Download icon Download CSV

You can download the data as a CSV file.

Column Icon Column Settings

Click the Column Icon Column Settings button at the top right of the screen to open the Column Settings window.
In the Column Settings window, you can select which columns to display in the table.

  • Select Icon Select All: Select all columns

  • Refresh Icon Reset to Default Order: Reset the column order to default

  • Refresh Icon Reset to Default Selection: Restore to the default column selection

Note

The selected columns are saved in your browser cookies, so the selection persists even after refreshing the page.
If cookies are deleted or an error occurs, the default columns will be restored.

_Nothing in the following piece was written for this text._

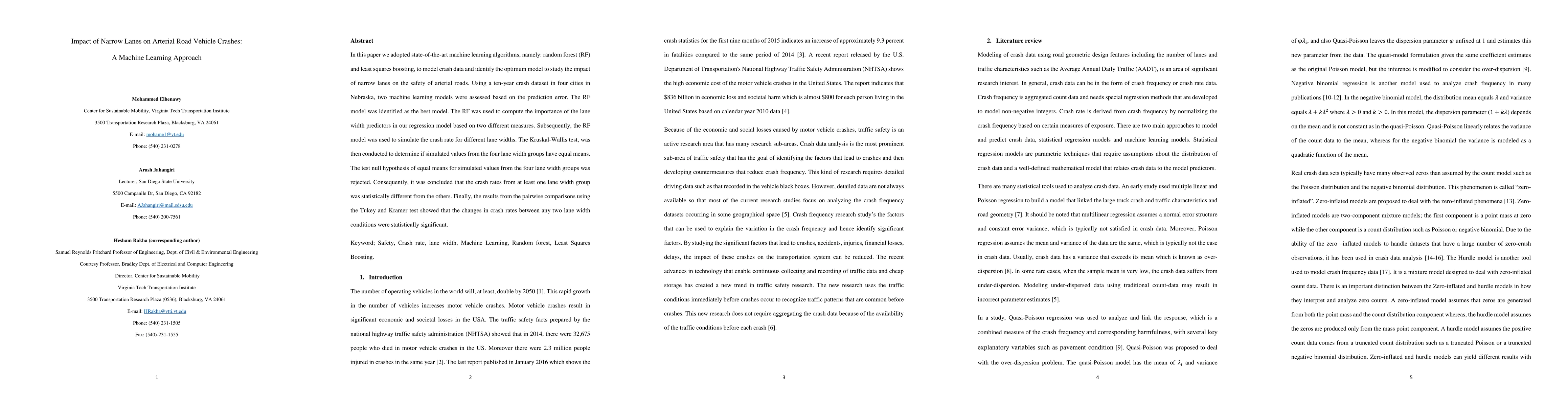 In this paper we adopted state-of-the-art machine learning algorithms, namely: random forest (RF) and least squares boosting, to model crash data and identify the optimum model to study the impact of narrow lanes on the safety of arterial roads. Using a ten-year crash dataset in four cities in Nebraska, two machine learning models were assessed based on the prediction error. The RF model was identified as the best model. The RF was used to compute the importance of the lane width predictors in our regression model based on two different measures. Subsequently, the RF model was used to simulate the crash rate for different lane widths. The Kruskal-Wallis test, was then conducted to determine if simulated values from the four lane width groups have equal means. The test null hypothesis of equal means for simulated values from the four lane width groups was rejected. Consequently, it was concluded that the crash rates from at least one lane width group was statistically different from the others. Finally, the results from the pairwise comparisons using the Tukey and Kramer test showed that the changes in crash rates between any two lane width conditions were statistically significant.

  1. In the Column Settings window, select the columns to display under GPU Information and GPU Performance Metrics.

    • You can select columns by group or adjust their order.
    Caution

    The Status and HostName fields under GPU Information cannot be removed.

  2. Click the Apply button to save your settings.

Add Filter

You can add filter conditions to quickly find the GPUs you need.

  1. Click the Filter Icon Filter search bar to open the Add Filter window.

  2. In the Add Filter window, select the desired GPU condition (filter key and condition), then click the Apply button.

Compare GPUs

When you select multiple GPUs to compare, the Compare panel appears below the GPU list, allowing you to visually compare metrics using charts.
You can track trends for the last 10 minutes and identify performance anomalies or bottlenecks.

  • You can compare up to 20 items at a time.